@TheresaReason Short answer: yes.
Longer answer: First thing to be aware of is that he is an ER doc. So he will, necessarily, have his compartmentalized experience.
But some specific parts.
“In the U.S., clinical judgment is routinely second-guessed”
Did a whole clinic day today without this. Yes there were clinical decisions and actions constrained by resource limitations but I wasn’t second guessed.
“the relative absence of this pay-for-performance bureaucracy”
I got paid the whole day for just seeing patients. Well I will upon submitting the much more simplified Longitudinal Family Practice billing codes.
I voluntarily do QI.
“Most Canadian doctors still believe they’re working in a system that’s fundamentally trying to do the right thing”
I actually feel this. Despite the well documented shortages, barriers and constraints and my frequent rants against [insert something that doesn’t make sense here]. As someone who has worked at all levels from primary care, hospital staff, provincial organization and university admin we are all (well except for a few of my self-important colleagues…rabbit hole) trying to do the right thing: what is best for the patient.
“In Canada, where social supports are (relatively) stronger, most patients come in with medical problems — not unsolvable social ones”

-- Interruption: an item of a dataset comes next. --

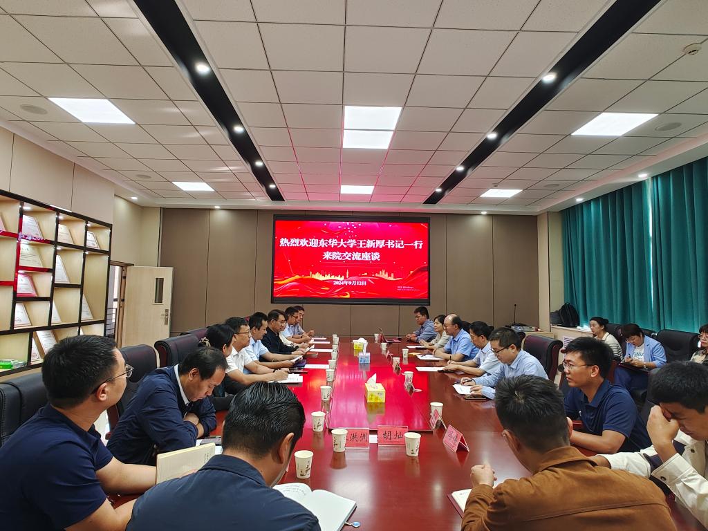 居来提·司马义欢迎王新厚一行的到来并介绍学校发展情况,对东华大学一直以来给予学校发展的支持和选派援疆干部来校工作表示感谢,希望双方能够在人才培养、平台建设、项目合作等方面进行深入交流。

The “most” makes this true. Yes there are those who suffer from the negative effects of poor social determinants of health, but there are also folks trying to solve them.
“The bottlenecks are real, and they reflect broader staffing shortages. Canada, like the U.S., needs more doctors, nurses, and advanced care practitioners.”
Obviously true.
“Doctors aren’t acting out of fear. And the decisions we make feel more genuinely collaborative. As a result, interactions with patients are less adversarial.” (1/2)
@qole @PapyrusBrigade @TheresaReason Why I stick as much as I can to Canadian solutions. (Outside hospital).
Don’t get me started on Cerner’s inability to operate across time zones in Northern Health.
And why I was able to install this in a hospital in Zimbabwe…. Because of its foundations of SNOMED and LOINC. (I distinctly recall having to find the LOINC code for the TB molecular testing as it was available there before Canada).